Staying with sponsors and Damien Duff suggested the whole episode was a conspiracy to ensure as many teams as possible in South Africa were backed by Adidas.
"Maybe we'd have a better chance of going to the World Cup if it was sponsored by Umbro," he reasoned - perhaps momentarily forgetting that he has a lucrative boot deal with...Adidas. I think that's what they call shooting yourself in the foot.
Team-mate Robbie Keane was also not backward in coming forward, telling BBC Radio 5 live: "They're all probably clapping hands, Platini sitting up there on the phone to Sepp Blatter, probably texting each other, delighted with the result."
And you could rely on Keano's namesake to really put the cat among the pigeons by saying of the FAI: "What goes around comes around." Never one to harbour a grudge, our Roy. And pity the poor hack who felt the sharp end of Keane's tongue when his phone rang mid-press conference - he'll be sleeping with his eyes open for the next few weeks.
Incredibly there were other things going on outside the Irish penalty area, although if it hadn't been for Henry's hand I'd have had to try to spin out 500 words on the curious tale of Robin van Persie and the horse placenta, which apparently goes down well with some fava beans and a nice Chianti.
The Arsenal striker damaged ankle ligaments playing for the Netherlands and opted for radical treatment involving fluid from said placenta massaged into the affected area. The Dutchman claimed the injury had no serious side effects, as he tucked into a bowl of hay before leaping over a row of five-bar gates.

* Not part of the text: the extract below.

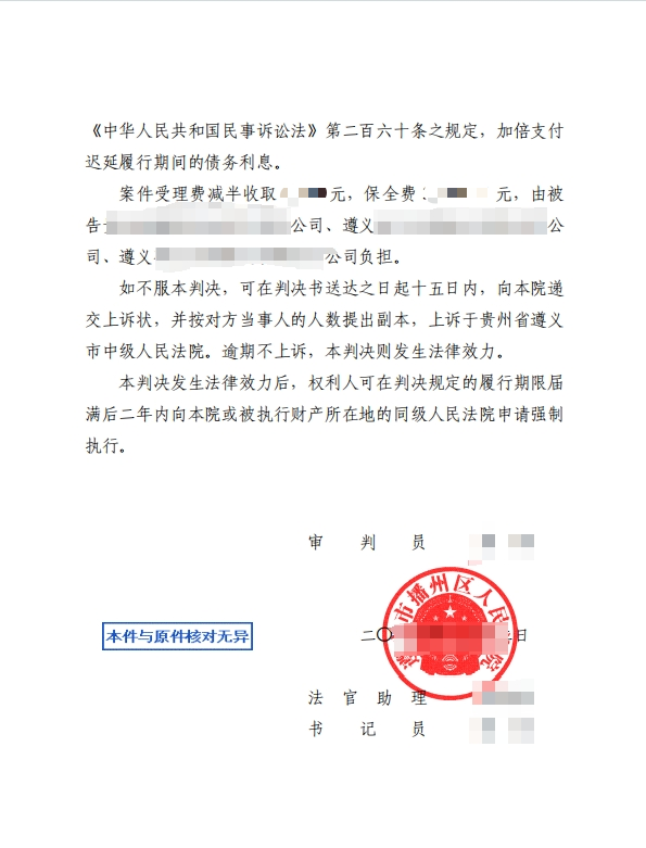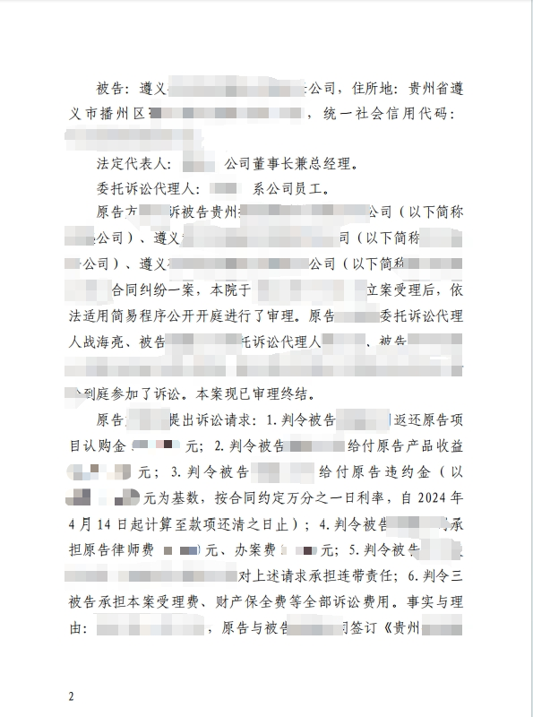 由本所战海亮律师承办的刘某诉贵州A公司、B公司、C公司合同纠纷一案,经贵州省遵义市播州区人民法院审理,最终判决支持原告刘某的主要诉讼请求,三被告需共同返还认购金50万元、支付剩余收益及违约金,并承担连带清偿责任。该案涉及民间融资、担保责任、违约金计算等多个典型法律问题,对类似投资纠纷的处理具有参考价值。
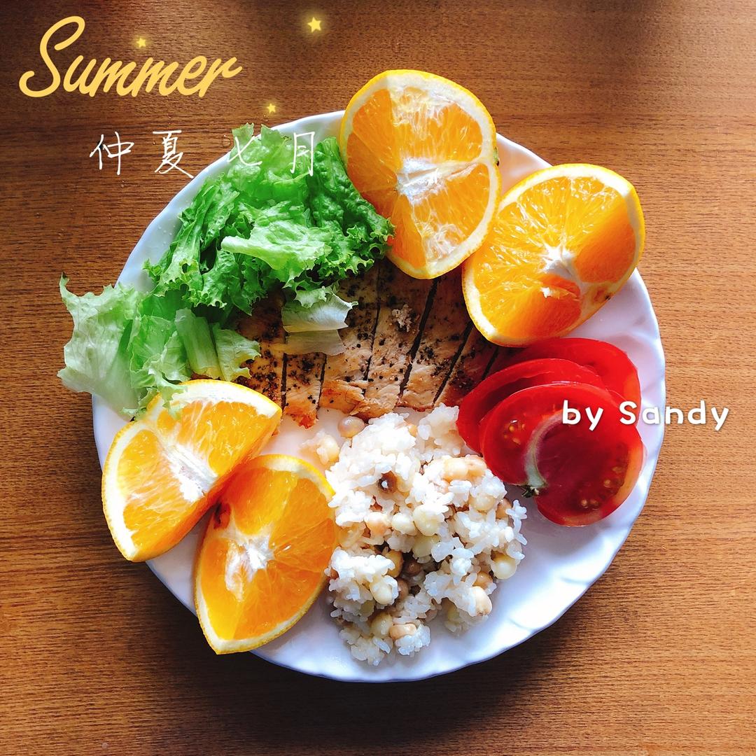 煎鸡胸肉,生菜,西红柿,橙子,玉米饭

Staying in the Premier League and Carlos Tevez is using Coronation Street to brush up on his limited English. The Man City striker still can't work out how to ask the ref how much time is left but if you ever feel the need to order a hotpot from The Rovers, he's your man.
Team-mate Robinho was another who watched the soap to improve his English, but he's recently switched to another show to learn the phrase "I'm A Celebrity, Get Me Out Of Here".
In the other half of Manchester there must have been a few hackles raised at a new film celebrating Liverpool's Champions League success. Called 15 Minutes That Shook The World, the fictional black comedy features cameos from Steven Gerrard and Jamie Carragher, plus characters who bear a striking resemblance to two prominent members of the Old Trafford hierarchy.
'Rat Boy' wears the No 2 shirt and sings anti-Scouse songs, while 'McTaggart' swigs from a bottle of Scotch bearing the label 'Manager of the month, but not as good as Bob Paisley'. Any ideas?
Elsewhere, Brentford ended the FA Cup dreams of Ian Bogie's Gateshead side (presumably known as the Bogie Men) while the Brazilian Ronaldo told the TV cameras: "I'm going to admit it. I am fat." In other news, Usain Bolt reveals he is quite a fast runner and Michael Caine finally admits he comes from old London town (not a lot of people knew that).
Have a good weekend one and all and I hope you'll join me in doing your bit for Children In Need. I was thinking of giving a penny for every second that passes before Terry Wogan mentions Thierry Henry. Hope they've got change for 20p.